* The task *
Each line of the listing, apart from the pictures, is to be printed exactly.

(The data begins)

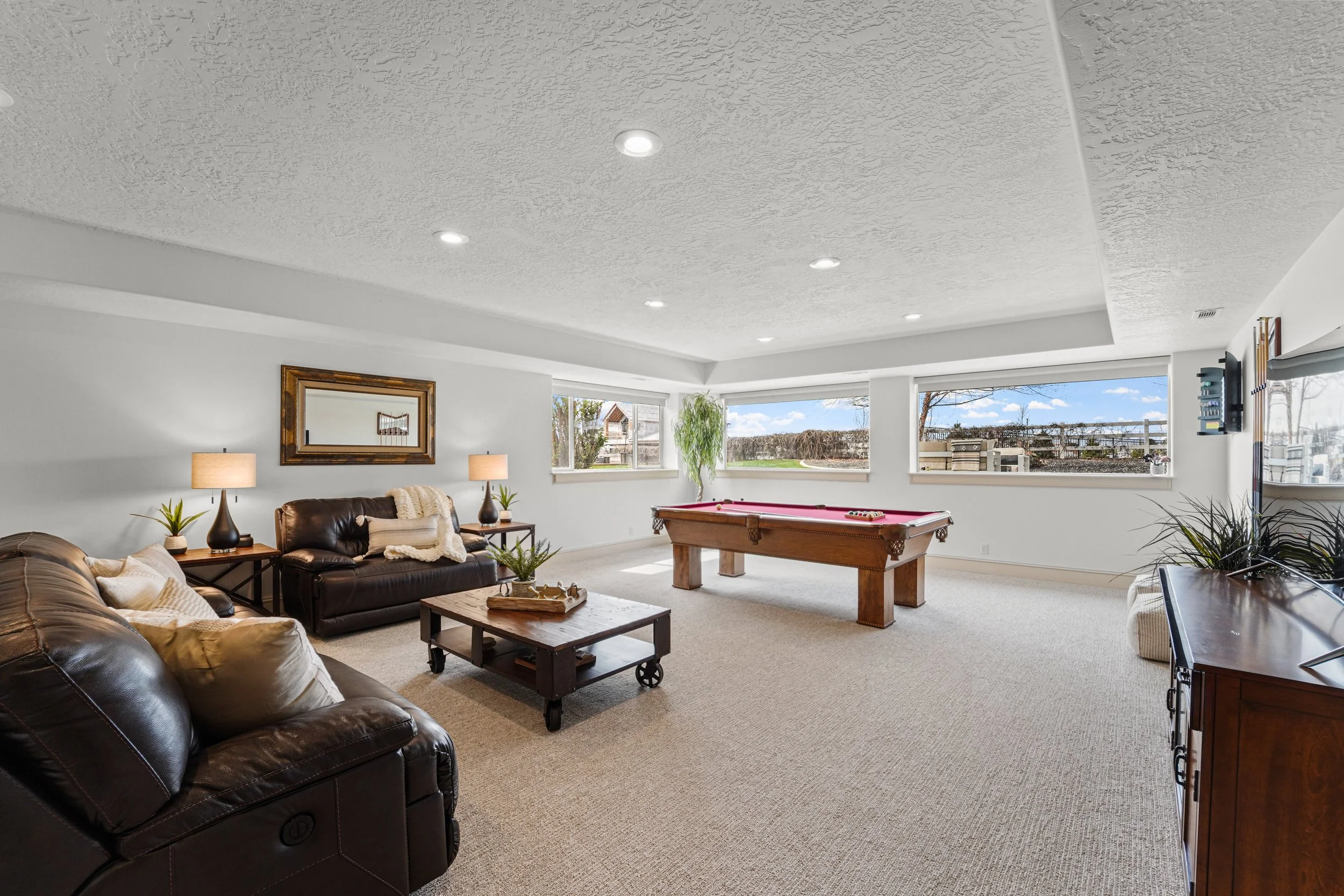 Step into this beautifully remodeled former Parade Home, perfectly situated in the heart of Eagle. Spanning an impressive 5,048 square feet, this residence features 5 spacious bedrooms, 3.5 bathrooms, and a generous bonus room, all set on nearly an acre of pristine land backing to a peaceful pond. The chef’s kitchen is a showstopper, with a Carrara marble waterfall island, quartz countertops, double ovens, built-in espresso machine, Thermador refrigerator, two dishwashers, and a walk-in pantry. Stunning surrounding windows with vaulted ceilings, engineered hardwood floors, two gas fireplaces, and a walk-out composite balcony that invites you to enjoy the serene setting. Upgrades include a surveillance system, power window coverings, dual water heaters, water softener, and a brand new smart HVAC and A/C system. Step outside to upper and lower patios, with room for animals, a pool, RV parking, RV garage or shop. A spacious 3-car garage all nestled with mature trees in a highly desired Eagle neighborhood.
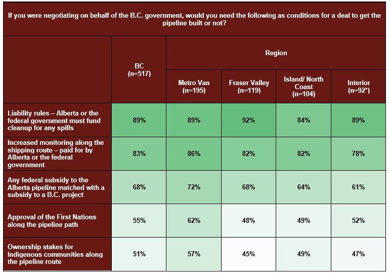The MOU signed by Alberta and Ottawa details that the pipeline will have “Indigenous Peoples’ ownership and benefits”. Half in B.C. (51%) say that would’ve been a condition for them to get the pipeline built. Approval of the First Nations along the path (55%) is selected by more, while environmental and financial concerns around the liability for spills are a higher priority to British Columbians. Nine-in-ten (89%) in the province believe Alberta or the federal government must fund cleanup for pipeline spills and four-in-five (83%) believe Edmonton or Ottawa should fund increased monitoring along the coast if the pipeline is built.
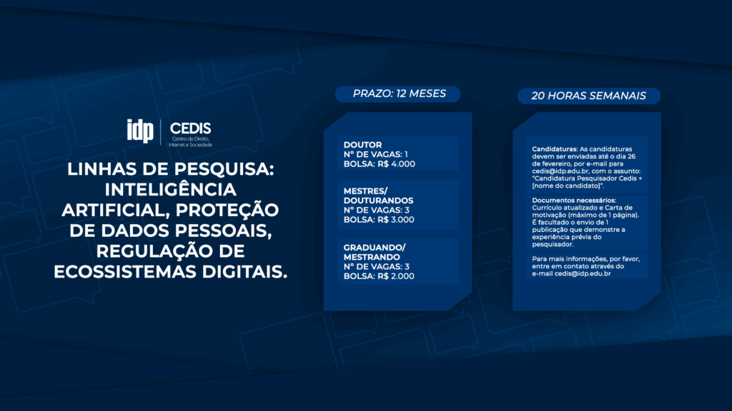 O Centro de Direito, Internet e Sociedade (CEDIS), do Instituto Brasileiro de Ensino, Desenvolvimento e Pesquisa (IDP), abriu edital para a seleção de pesquisadores para integrar sua equipe de estudos sobre inteligência artificial, proteção de dados pessoais e regulação de ecossistemas digitais. As inscrições vão até o dia 26 de fevereiro. Vagas e bolsas O edital […]

(The data ends)

* Answer to this task *
 Step into this beautifully remodeled former Parade Home, perfectly situated in the heart of Eagle. Spanning an impressive 5,048 square feet, this residence features 5 spacious bedrooms, 3.5 bathrooms, and a generous bonus room, all set on nearly an acre of pristine land backing to a peaceful pond. The chef’s kitchen is a showstopper, with a Carrara marble waterfall island, quartz countertops, double ovens, built-in espresso machine, Thermador refrigerator, two dishwashers, and a walk-in pantry. Stunning surrounding windows with vaulted ceilings, engineered hardwood floors, two gas fireplaces, and a walk-out composite balcony that invites you to enjoy the serene setting. Upgrades include a surveillance system, power window coverings, dual water heaters, water softener, and a brand new smart HVAC and A/C system. Step outside to upper and lower patios, with room for animals, a pool, RV parking, RV garage or shop. A spacious 3-car garage all nestled with mature trees in a highly desired Eagle neighborhood.
The MOU signed by Alberta and Ottawa details that the pipeline will have “Indigenous Peoples’ ownership and benefits”. Half in B.C. (51%) say that would’ve been a condition for them to get the pipeline built. Approval of the First Nations along the path (55%) is selected by more, while environmental and financial concerns around the liability for spills are a higher priority to British Columbians. Nine-in-ten (89%) in the province believe Alberta or the federal government must fund cleanup for pipeline spills and four-in-five (83%) believe Edmonton or Ottawa should fund increased monitoring along the coast if the pipeline is built.
 O Centro de Direito, Internet e Sociedade (CEDIS), do Instituto Brasileiro de Ensino, Desenvolvimento e Pesquisa (IDP), abriu edital para a seleção de pesquisadores para integrar sua equipe de estudos sobre inteligência artificial, proteção de dados pessoais e regulação de ecossistemas digitais. As inscrições vão até o dia 26 de fevereiro. Vagas e bolsas O edital […]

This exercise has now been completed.